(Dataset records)

- - -

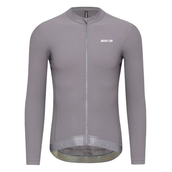 Maillot térmico de manga larga para ciclismo Urban+ para hombre, color gris, disponible online. Confeccionado con un tejido suave de rayas tridimensionales con forro polar que proporciona calidez y comodidad.
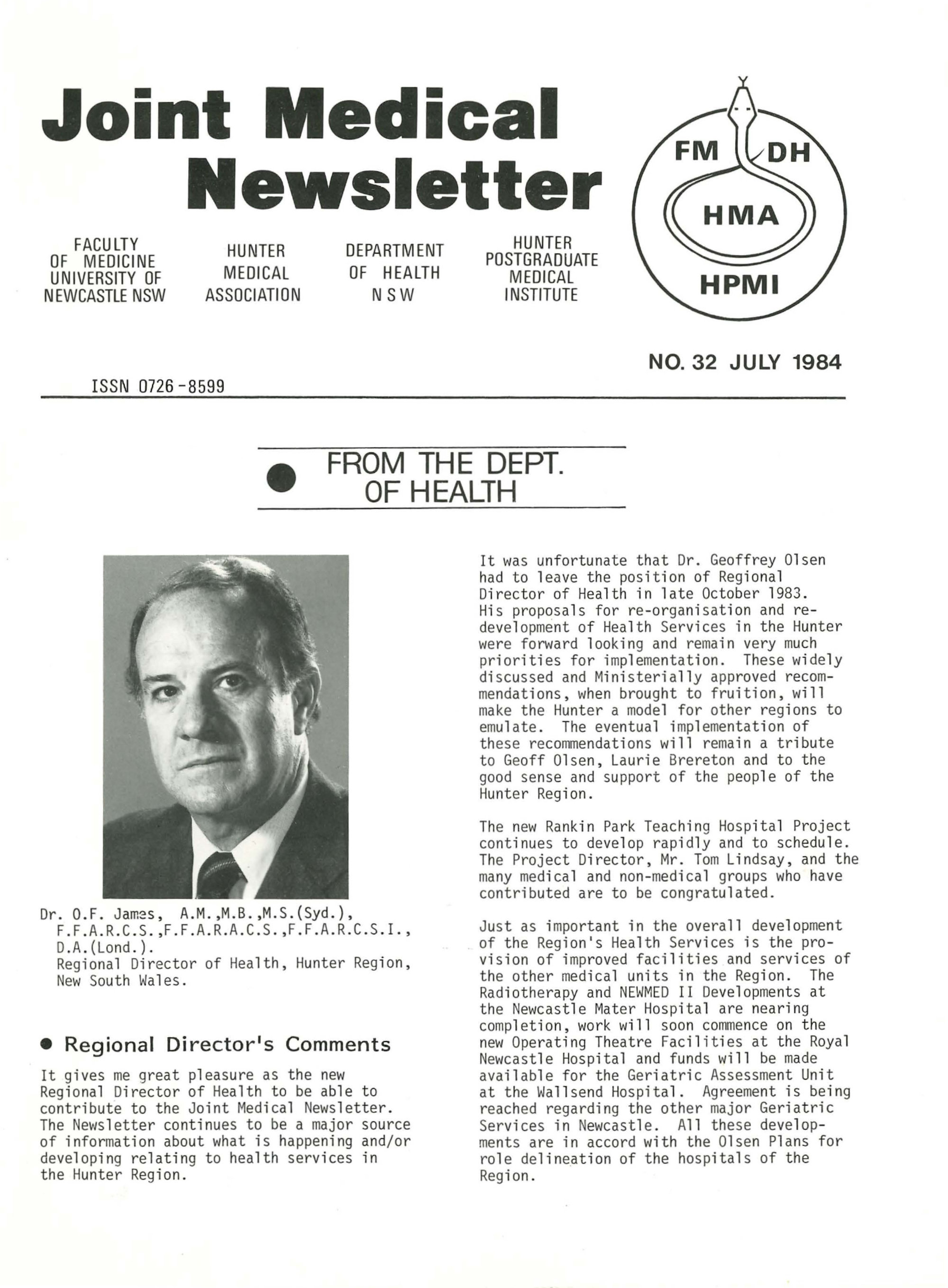 University of Newcastle. Faculty of Medicine, Joint Medical Newsletter No. 032, July 1984, [Joint_Medical_Newsletter_No_032_July_1984]. Living Histories, accessed 19/03/2026, https://livinghistories.newcastle.edu.au/nodes/view/110012
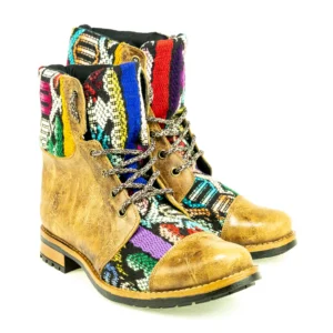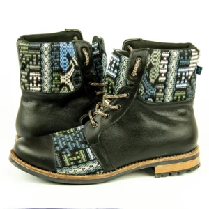 Pieza única e irrepetible. Bota minera de piel fusionada con auténtico textil maya tejido a mano en telar de cintura. Un diseño contemporáneo pensado para quienes valoran la moda consciente y buscan un estilo inigualable. Al ser una obra artesanal, no existe otro par igual en el mundo. Si es tu talla, es tu destino.
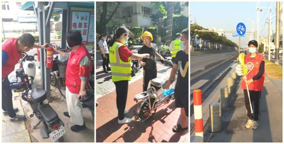 广纺检测党支部书记杨梅、塑料公司孙楠、利工民邱舒婷参与电动车充电点安全检查、电动车上牌宣传、文明交通指引志愿服务
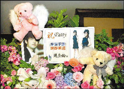 周杰伦与侯佩岑分手后话题从未降温,昨天,侯佩岑的第二本书《字言字语》发行。记者会前有传周董会用化名订花致意,结果,周杰伦却大方用本名送花到场,花丛中更不避讳地将两人的照片摆放在花篮最前方的迎面处。为此,侯佩岑感动地哭着说:“谢谢好朋友。”
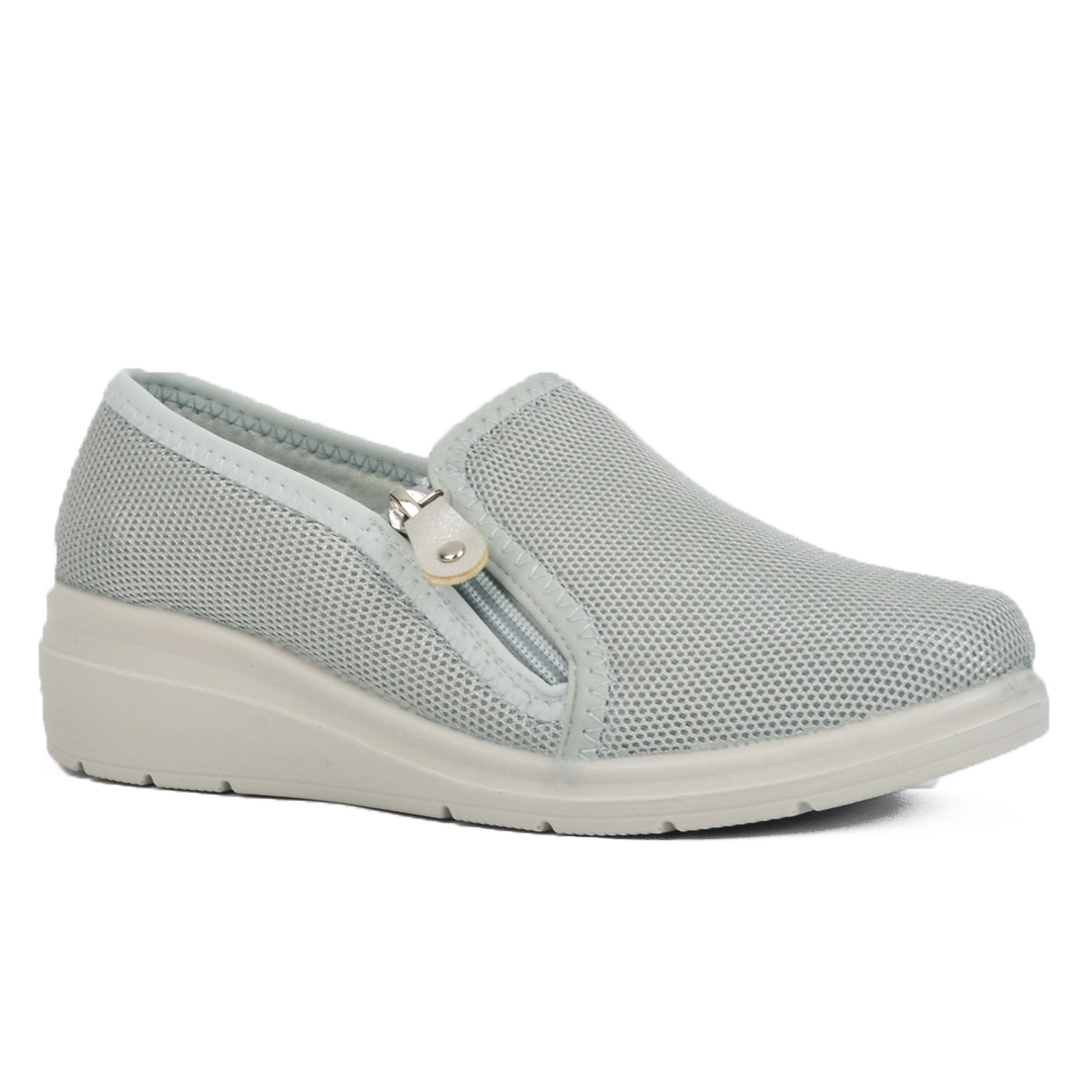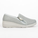 Γυναικείο υφασμάτινο παπούτσι. Το ύψος του είναι στους 4 πόντους με 1,5 πόντο φιάπα, καθιστώντας το άνετο και ξεκούραστο και προσφέρει την κατάλληλη κλίση για την μέση. Η σόλα τους είναι από θερμολάστιχο με αποτέλεσμα να είναι πολύ άνετη και πλήρως αντικραδασμική. Διαθέτει λάστιχο στο πλάι και φερμουάρ για να μπορεί να προσαρμόζεται σε κάθε πόδι. Η φόρμα τους είναι κανονική οπότε επιλέγουμε κανονικά το νούμερο μας. Ιδανική επιλογή από το πρωί μέχρι το βράδυ.

- - -

**WHAT YOU ARE ASKED TO DO**: Give again, exactly as written above, each line from the one that has "Pieza única e" to the one that has "广纺检测党支部书记杨梅、塑料", both included; omit the pictures.

**WRITTEN SOLUTION**:
 Pieza única e irrepetible. Bota minera de piel fusionada con auténtico textil maya tejido a mano en telar de cintura. Un diseño contemporáneo pensado para quienes valoran la moda consciente y buscan un estilo inigualable. Al ser una obra artesanal, no existe otro par igual en el mundo. Si es tu talla, es tu destino.
 广纺检测党支部书记杨梅、塑料公司孙楠、利工民邱舒婷参与电动车充电点安全检查、电动车上牌宣传、文明交通指引志愿服务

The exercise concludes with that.